Records:
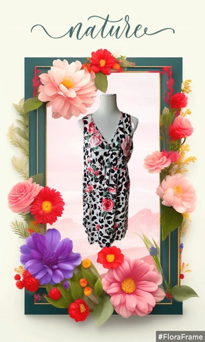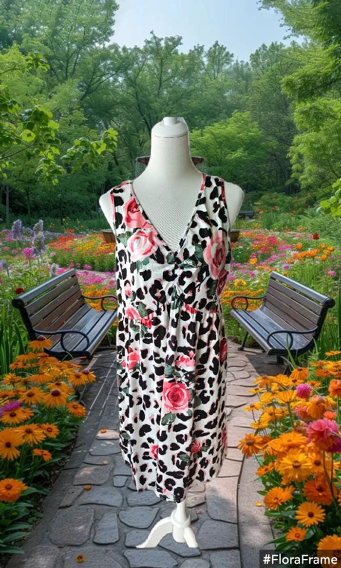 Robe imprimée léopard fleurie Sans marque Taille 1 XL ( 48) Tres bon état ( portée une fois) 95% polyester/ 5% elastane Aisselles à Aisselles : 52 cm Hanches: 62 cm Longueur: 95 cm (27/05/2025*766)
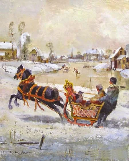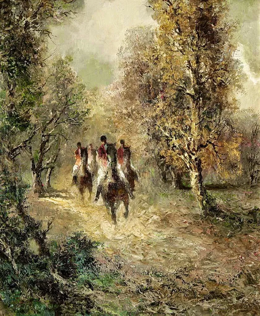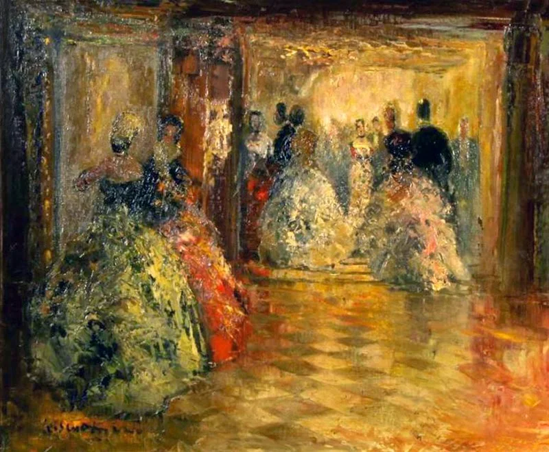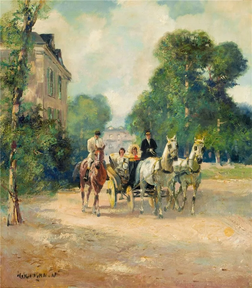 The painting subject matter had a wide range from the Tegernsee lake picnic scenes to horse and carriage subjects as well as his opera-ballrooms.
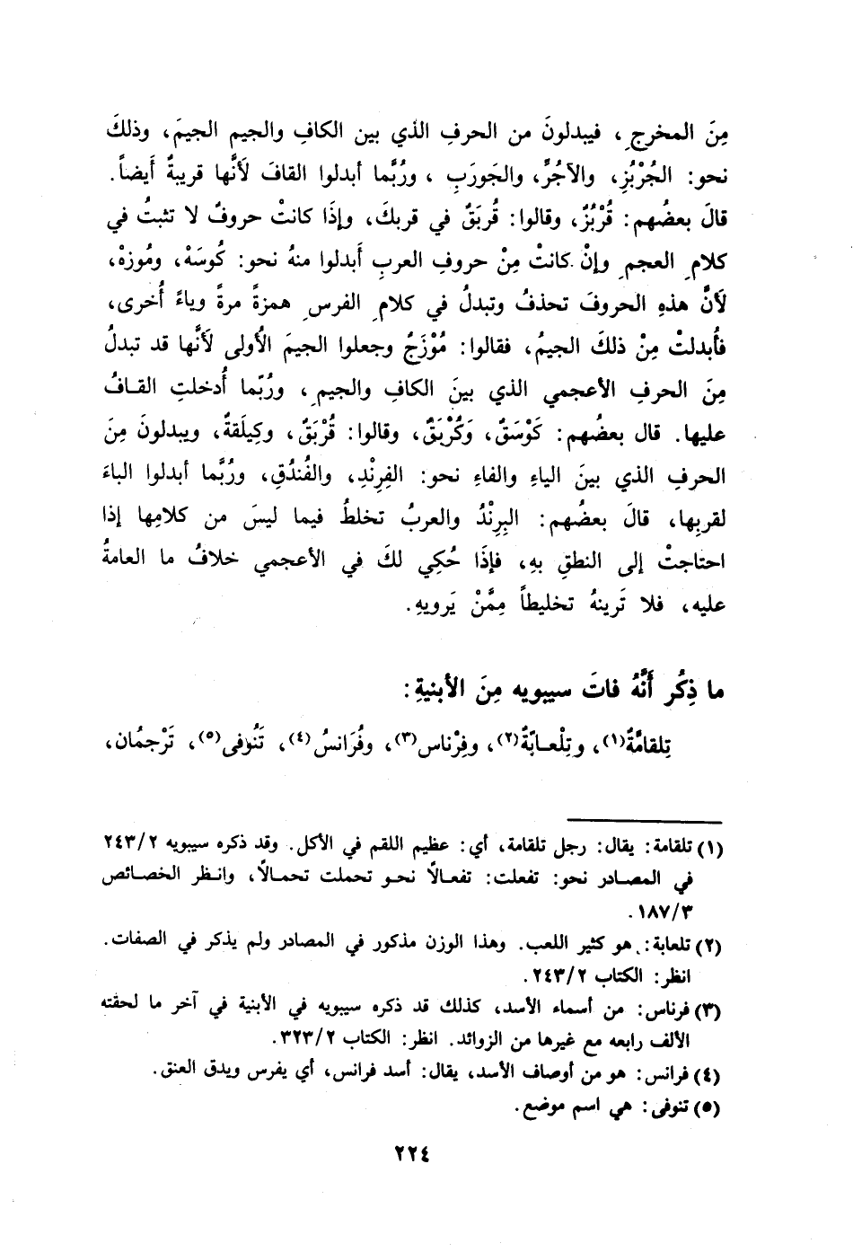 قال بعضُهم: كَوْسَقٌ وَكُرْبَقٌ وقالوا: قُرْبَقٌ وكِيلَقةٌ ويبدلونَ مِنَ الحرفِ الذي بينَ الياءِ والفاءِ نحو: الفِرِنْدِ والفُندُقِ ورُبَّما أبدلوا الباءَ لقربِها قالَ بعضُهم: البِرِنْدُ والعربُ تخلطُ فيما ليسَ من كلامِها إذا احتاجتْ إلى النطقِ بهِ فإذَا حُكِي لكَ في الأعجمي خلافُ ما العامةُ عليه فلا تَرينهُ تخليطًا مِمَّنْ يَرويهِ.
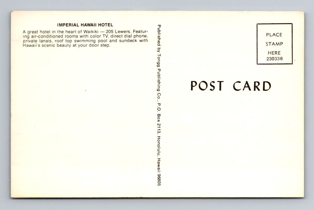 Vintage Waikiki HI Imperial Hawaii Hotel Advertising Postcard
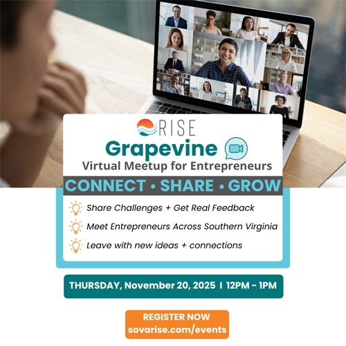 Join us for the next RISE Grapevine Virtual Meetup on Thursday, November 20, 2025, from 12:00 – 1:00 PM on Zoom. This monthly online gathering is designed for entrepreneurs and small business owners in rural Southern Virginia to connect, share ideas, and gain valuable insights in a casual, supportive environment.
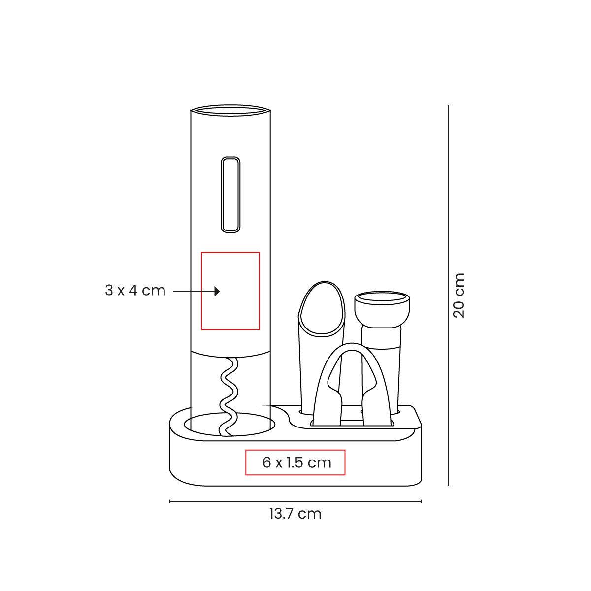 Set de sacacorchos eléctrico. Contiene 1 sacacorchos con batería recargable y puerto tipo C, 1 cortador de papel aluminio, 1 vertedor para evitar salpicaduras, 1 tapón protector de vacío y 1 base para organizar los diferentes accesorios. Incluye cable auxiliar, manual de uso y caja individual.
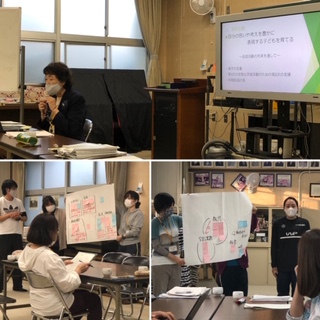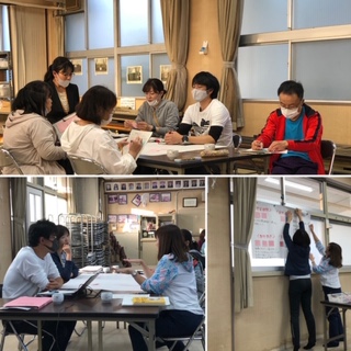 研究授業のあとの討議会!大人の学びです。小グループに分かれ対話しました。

Exercise directions:
An exact copy of the records above is required, leaving out the pictures.

Result of this exercise:
 Robe imprimée léopard fleurie Sans marque Taille 1 XL ( 48) Tres bon état ( portée une fois) 95% polyester/ 5% elastane Aisselles à Aisselles : 52 cm Hanches: 62 cm Longueur: 95 cm (27/05/2025*766)
 The painting subject matter had a wide range from the Tegernsee lake picnic scenes to horse and carriage subjects as well as his opera-ballrooms.
 قال بعضُهم: كَوْسَقٌ وَكُرْبَقٌ وقالوا: قُرْبَقٌ وكِيلَقةٌ ويبدلونَ مِنَ الحرفِ الذي بينَ الياءِ والفاءِ نحو: الفِرِنْدِ والفُندُقِ ورُبَّما أبدلوا الباءَ لقربِها قالَ بعضُهم: البِرِنْدُ والعربُ تخلطُ فيما ليسَ من كلامِها إذا احتاجتْ إلى النطقِ بهِ فإذَا حُكِي لكَ في الأعجمي خلافُ ما العامةُ عليه فلا تَرينهُ تخليطًا مِمَّنْ يَرويهِ.
 Vintage Waikiki HI Imperial Hawaii Hotel Advertising Postcard
 Join us for the next RISE Grapevine Virtual Meetup on Thursday, November 20, 2025, from 12:00 – 1:00 PM on Zoom. This monthly online gathering is designed for entrepreneurs and small business owners in rural Southern Virginia to connect, share ideas, and gain valuable insights in a casual, supportive environment.
 Set de sacacorchos eléctrico. Contiene 1 sacacorchos con batería recargable y puerto tipo C, 1 cortador de papel aluminio, 1 vertedor para evitar salpicaduras, 1 tapón protector de vacío y 1 base para organizar los diferentes accesorios. Incluye cable auxiliar, manual de uso y caja individual.
 研究授業のあとの討議会!大人の学びです。小グループに分かれ対話しました。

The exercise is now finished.